To backtrack a little, Dad was in Rehab in Cruces for exactly one day, and ended up back in (a different) hospital with pneumonia. I was still I Vegas—had 4 more days—and I’ve never felt so helpless in my life. I went to the bar that night after work, got drunk, and cried my eyes out. I’d already quit my job in Vegas to come ‘home’ to NM and take care of Dad, but I still had a few days to work, and I needed the paycheck, and I didn’t think he’d live long enough for me to get here.
He made it, I made it, and I drugged the pinche gatos for the drive, so they made it, too. I rolled into town on Thanksgiving Day, 2011. 25 Days after a trip and fall.

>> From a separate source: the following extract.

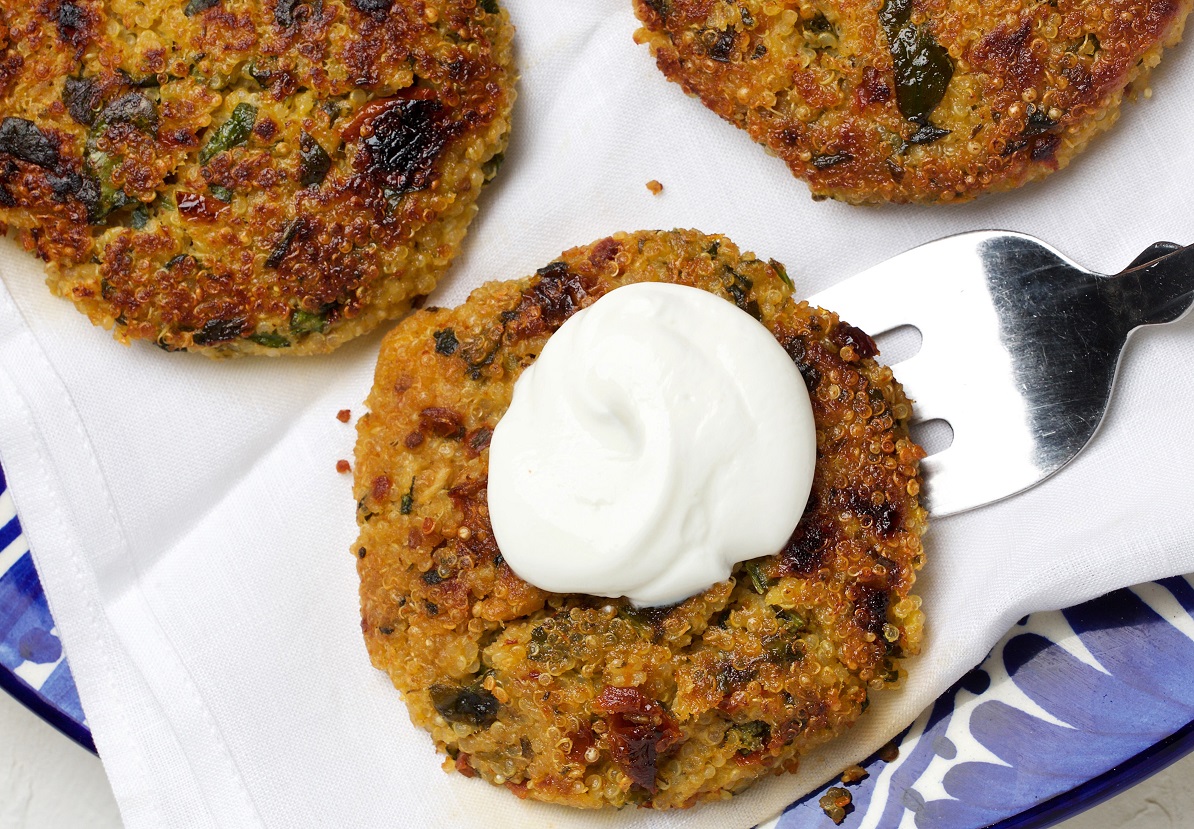 Quinoa Cakes With Spinach and Sun-Dried Tomatoes

Early December he was transferred to the Acute Care Hospital of Southern New Mexico (LTAC). There he got absolutely amazing care. If you ever plan do get injured grievously, I strongly suggest that’s where you go. Staff is wonderful, therapy is wonderful, facility is wonderful. Seriously, if I didn’t have so much to do, I’d check myself in. For some reason they weren’t allowed to cut his hair, but otherwise, 5 stars.
Since then? Geez, I can’t even begin to explain. Dad was in (LTAC) from early December til February 10th, when he got too healthy and got moved to a Nursing Home. He was hospitalized twice between December and February, but has been stable since the move.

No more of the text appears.